**EXERCISE**
The answer must be an exact copy of the lines from the one containing "Il se compose" through the last line of the records, with no pictures.

**RECORDS FOR THIS TASK**
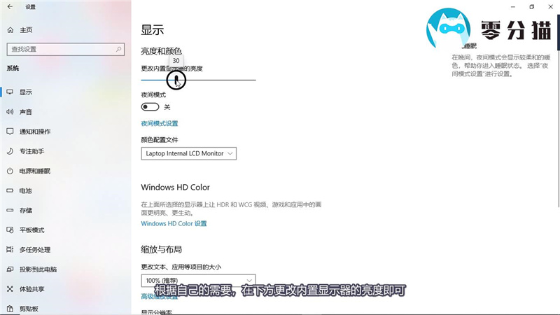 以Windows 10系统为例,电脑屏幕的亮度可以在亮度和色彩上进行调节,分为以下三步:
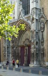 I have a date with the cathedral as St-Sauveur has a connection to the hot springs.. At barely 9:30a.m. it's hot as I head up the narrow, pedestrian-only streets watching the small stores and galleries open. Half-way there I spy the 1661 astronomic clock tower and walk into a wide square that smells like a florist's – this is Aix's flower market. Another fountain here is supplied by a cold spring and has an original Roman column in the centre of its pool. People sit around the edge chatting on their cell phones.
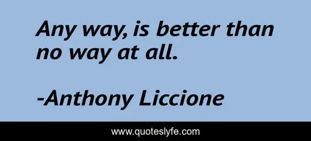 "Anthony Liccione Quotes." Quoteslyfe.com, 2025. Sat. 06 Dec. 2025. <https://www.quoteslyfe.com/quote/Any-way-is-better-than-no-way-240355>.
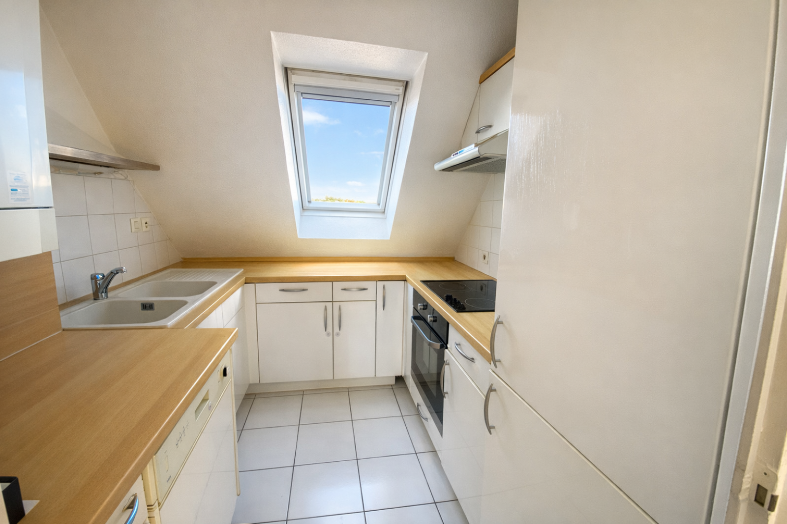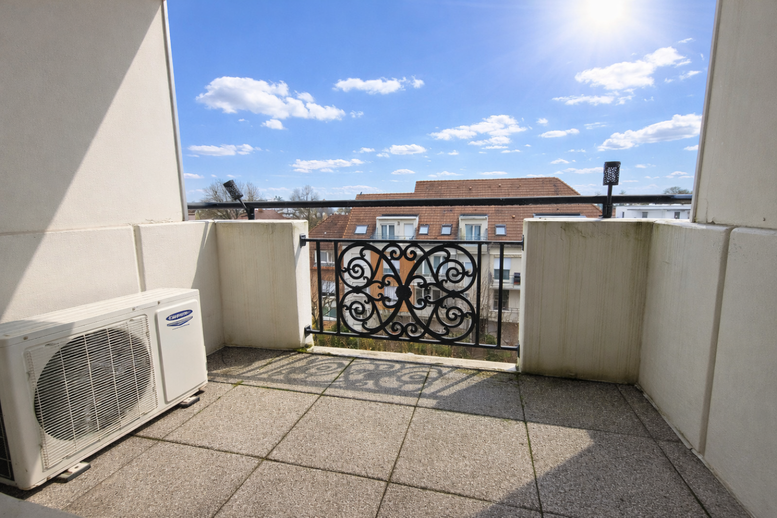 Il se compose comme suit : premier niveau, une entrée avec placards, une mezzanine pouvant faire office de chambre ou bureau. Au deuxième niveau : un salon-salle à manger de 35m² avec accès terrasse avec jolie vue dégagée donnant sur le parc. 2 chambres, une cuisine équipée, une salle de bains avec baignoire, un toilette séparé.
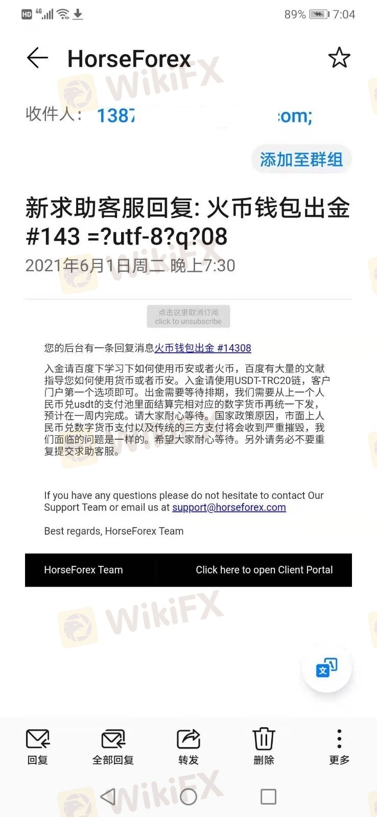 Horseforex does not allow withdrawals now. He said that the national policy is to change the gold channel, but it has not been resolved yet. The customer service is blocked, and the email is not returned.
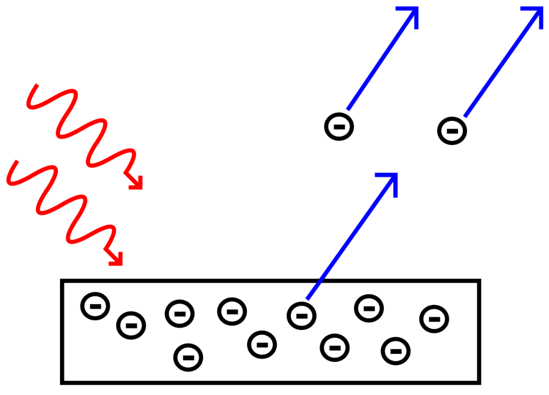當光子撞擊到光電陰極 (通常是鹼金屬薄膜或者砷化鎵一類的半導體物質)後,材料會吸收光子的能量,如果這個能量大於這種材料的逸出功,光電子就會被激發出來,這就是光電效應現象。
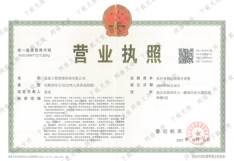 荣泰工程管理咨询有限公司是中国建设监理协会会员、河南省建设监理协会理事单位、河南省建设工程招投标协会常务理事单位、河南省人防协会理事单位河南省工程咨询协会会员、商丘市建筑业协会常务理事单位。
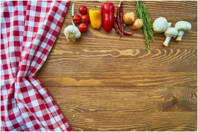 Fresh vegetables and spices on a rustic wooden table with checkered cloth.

**REPLY TO THE TASK**
 Il se compose comme suit : premier niveau, une entrée avec placards, une mezzanine pouvant faire office de chambre ou bureau. Au deuxième niveau : un salon-salle à manger de 35m² avec accès terrasse avec jolie vue dégagée donnant sur le parc. 2 chambres, une cuisine équipée, une salle de bains avec baignoire, un toilette séparé.
 Horseforex does not allow withdrawals now. He said that the national policy is to change the gold channel, but it has not been resolved yet. The customer service is blocked, and the email is not returned.
當光子撞擊到光電陰極 (通常是鹼金屬薄膜或者砷化鎵一類的半導體物質)後,材料會吸收光子的能量,如果這個能量大於這種材料的逸出功,光電子就會被激發出來,這就是光電效應現象。
 荣泰工程管理咨询有限公司是中国建设监理协会会员、河南省建设监理协会理事单位、河南省建设工程招投标协会常务理事单位、河南省人防协会理事单位河南省工程咨询协会会员、商丘市建筑业协会常务理事单位。
 Fresh vegetables and spices on a rustic wooden table with checkered cloth.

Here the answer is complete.